A Noosa local and active environmental campaigner for reforestation and koala populations, Mr Halverson will lead the Board of Directors towards a renewed vision for the NBRF, working with partners to develop big ideas.
After three years of service with the NBRF, and prior years with the Noosa Community Biosphere Association, outgoing Chair Dick Barnes moves on to pursue agricultural interests in the Noosa Hinterland and will remain an Advisor to the Board.
“I would like to thank Dick for his contribution to the Noosa Biosphere Reserve Foundation and his leadership of the Board during his term as Chair,” said Mr Halverson.
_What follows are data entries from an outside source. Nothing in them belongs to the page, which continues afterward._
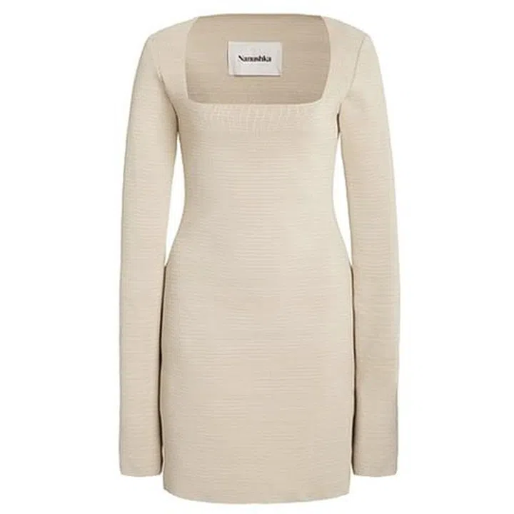 This crepe mini dress features an on-trend square neckline and a column silhouette that offers a body-hugging fit. With a flattering profile that mixes minimalism and a French girl sensibility, this number will make for a great OOTD shot. Team it with brown croc-embossed ankle boots and a ‘90s-style short strap shoulder bag.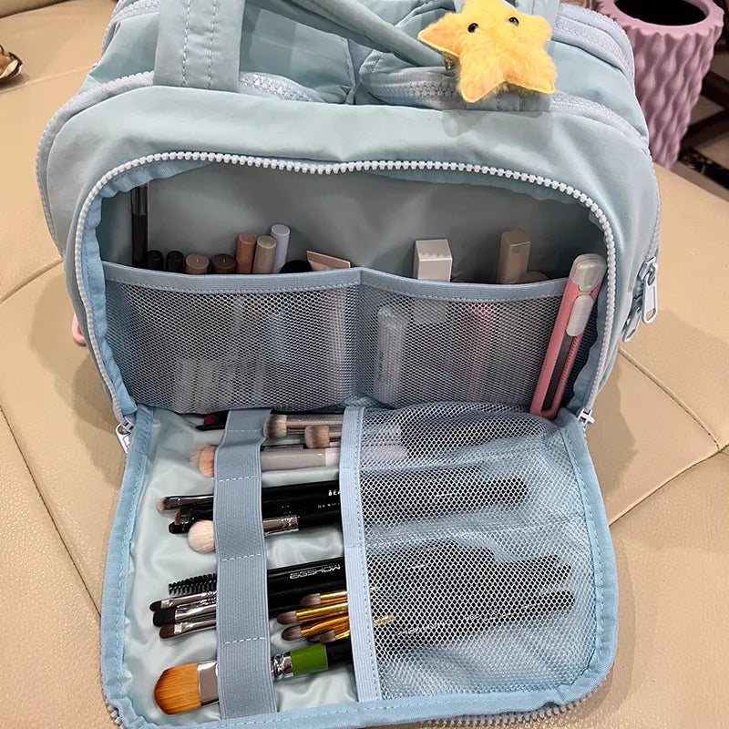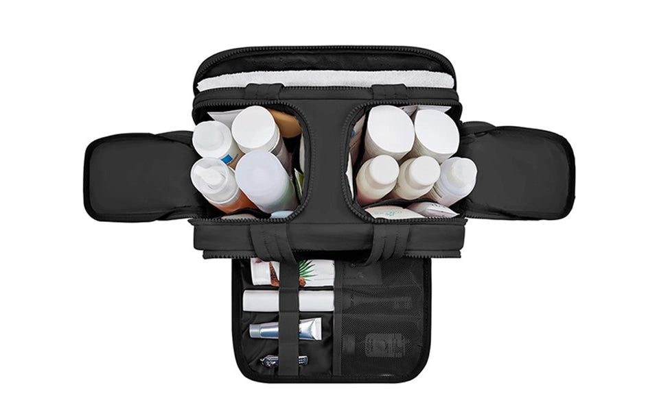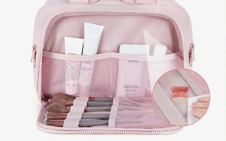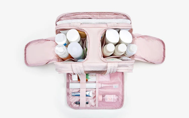 The bag features 4 spacious compartments — two main areas and two zippered pockets — with dedicated slots for brushes, bottles, and more.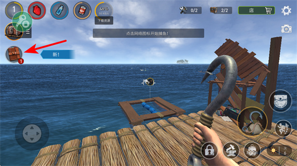 通過鉤子勾取海上漂浮的木桶、箱子、殘骸等獲取資源,也可登上島嶼搜集物資,食物、水和各類道具是生存關(guān)鍵,稀有與木筏升級(jí)材料需靠探索獲取。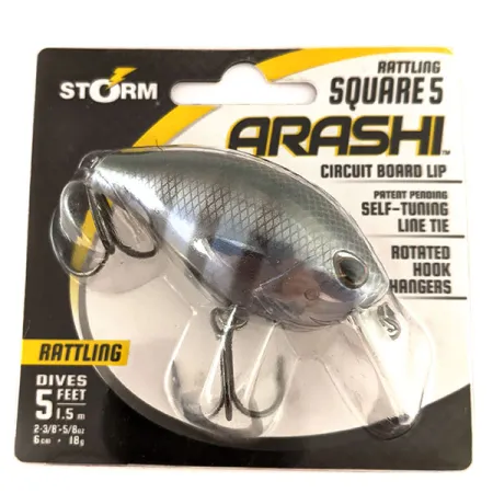 Met een gewicht van 18 g (2/3 oz) biedt de Bluegill-afwerking op deze crankbait een realistisch aasvisprofiel dat geschikt is voor verschillende wateromstandigheden. De Storm Arashi Rattling Square 5, aangeduid met productcode 11332, is ontworpen om tot een diepte van 1,5 m (5 ft) te duiken met behulp van zijn dunne, duurzame circuitboard duiklip. Een opvallend technisch kenmerk is de zelf-centrerende lijnbevestiging (self-tuning line tie), een vrij bewegend ontwerp dat bedoeld is om een rechte koers te behouden tijdens het binnenvissen. Met een lengte van 6 cm (2 1/4") is het kunstaas uitgerust met gedraaide haakogen die de VMC-haken dichter tegen het lichaam houden om vastlopers te verminderen. Dit specifieke exemplaar is ongebruikt in de originele verpakking, wat een conditiescore van 6 rechtvaardigt. De interne ratelkamer zorgt voor een duidelijke akoestische handtekening, terwijl de productie in Indonesië plaatsvond. De zware hardware en het square-lip ontwerp zijn op maat gemaakt voor het afketsen op obstakels zoals hout of rotsen.

“During this time, he and the Directors have led a number of successful projects with a great return on investment. Their work has put us in a good position to continue progressing our mission to enable science-based projects for the sustainability of the Noosa Biosphere Reserve’s future.”
Outgoing Directors include Deputy Chair Clare Cartwright and Professor Karen Hussey from University of Queensland.
Several new Directors were officially appointed to the Board following a public recruitment campaign. Those appointed include Prof. Rod Smith a professor of natural resource engineering with an interest in climate change, Jady Smith who brings extensive experience in environmental management including international programs in other biosphere reserves, and Duncan Thompson a manager within the University of the Sunshine Coast Office of the Vice-Chancellor and President.
Continuing Board members include Deanna Lane, Dr David Dique, Greg Schumann as Deputy Chair and Cr Frank Wilkie as Noosa Council’s representative.
All volunteers, the Directors work with project partners and stakeholders and help facilitate programs aligned with the aims of the UNESCO Man and the Biosphere Program.
Mr Halverson says the new Board is excited to continue identifying and supporting big ideas.
“With our renewed 10-year Biosphere Reserve status approved and a new strategic focus well in play, we’re already working on some exciting initiatives that will see long-term benefits for our environment, iconic species and community,” he said.
“We’re all extremely focused and energised for the next term ahead.”